Location
- Gautam Nagar New Delhi India 28°33′38″N 77°12′51″E﻿ / ﻿28.56056°N 77.21417°E

Information
- Type: Private School
- Motto: Love Your Neighbor as Yourself
- Established: 1979; 47 years ago
- Principal: Fr. Roy D'sa
- Faculty: Full time
- Area: New Delhi
- Colors: Blue and White
- Nickname: "Agnelites"
- Affiliations: Central Board of Secondary Education
- Website: agnel.org

= Fr. Agnel School, New Delhi =

Private school in New Delhi, India

Fr. Agnel School, is a private co-educational English medium school run by the Society of the Missionaries of St. Francis Xavier, Pilar in New Delhi, India. It was established by Fr. Conceicao Rodrigues, an Agnel Ashram priest in 1979. The school is situated in Gautam Nagar, New Delhi.

==History==
The school was established in 1979 in South Extension, New Delhi, and subsequently shifted to its present campus in Gautam Nagar, which was inaugurated on 3 April 1985. It received recognition from Delhi Government on 1 May 1981.

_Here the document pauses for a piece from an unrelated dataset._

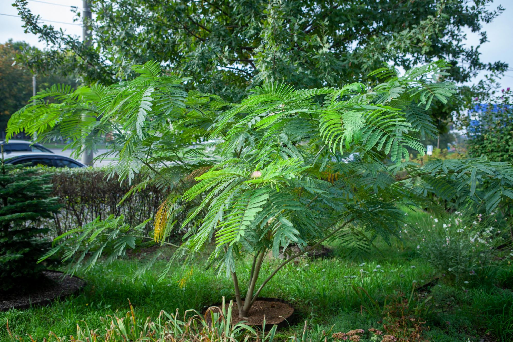 Удивительное чудо произошло на нашем миксбордере - зацвела акация ленкоранская (шёлковое дерево)! Примечательно, что акация относится к субтропическим деревьям и подмерзает даже в Грузии и Азербайджане, не говоря уже о нашей зоне. Эта акация является прекрасным медоносом, а её кору используют для окрашивания шёлка. Полюбоваться на это чудо можно в самом начале миксбордера со стороны главных ворот.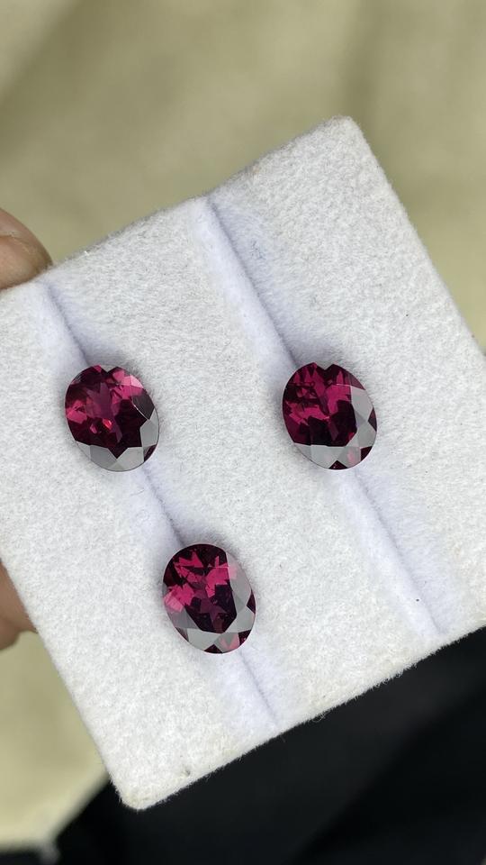 Certified 3 Piece Set Of 9x7 MM Natural Rhodolite Garnet Oval Cut Stones With Excellent Color Quality Loose Gemstones 6.62 Carat

The school is named after Fr. Agnelo de Souza (1869 - 1927), a Roman Catholic priest of the Society of the Missionaries of St. Francis Xavier, Pilar who performed missionary work in Goa.

In 2012, it was rated by the Hindustan Times, as amongst leading schools of South Delhi.

The school also runs drug addiction service.

== Student Parliament ==

The Student Parliament of the school is a democratically structured student body organized to represent and empower students in various functional areas. The structure includes several ministries and a core council, along with the Agnel Darpan editorial board. Over the years, students have held various designations like Minister, Deputy Minister, Secretary, and more depending on the academic year.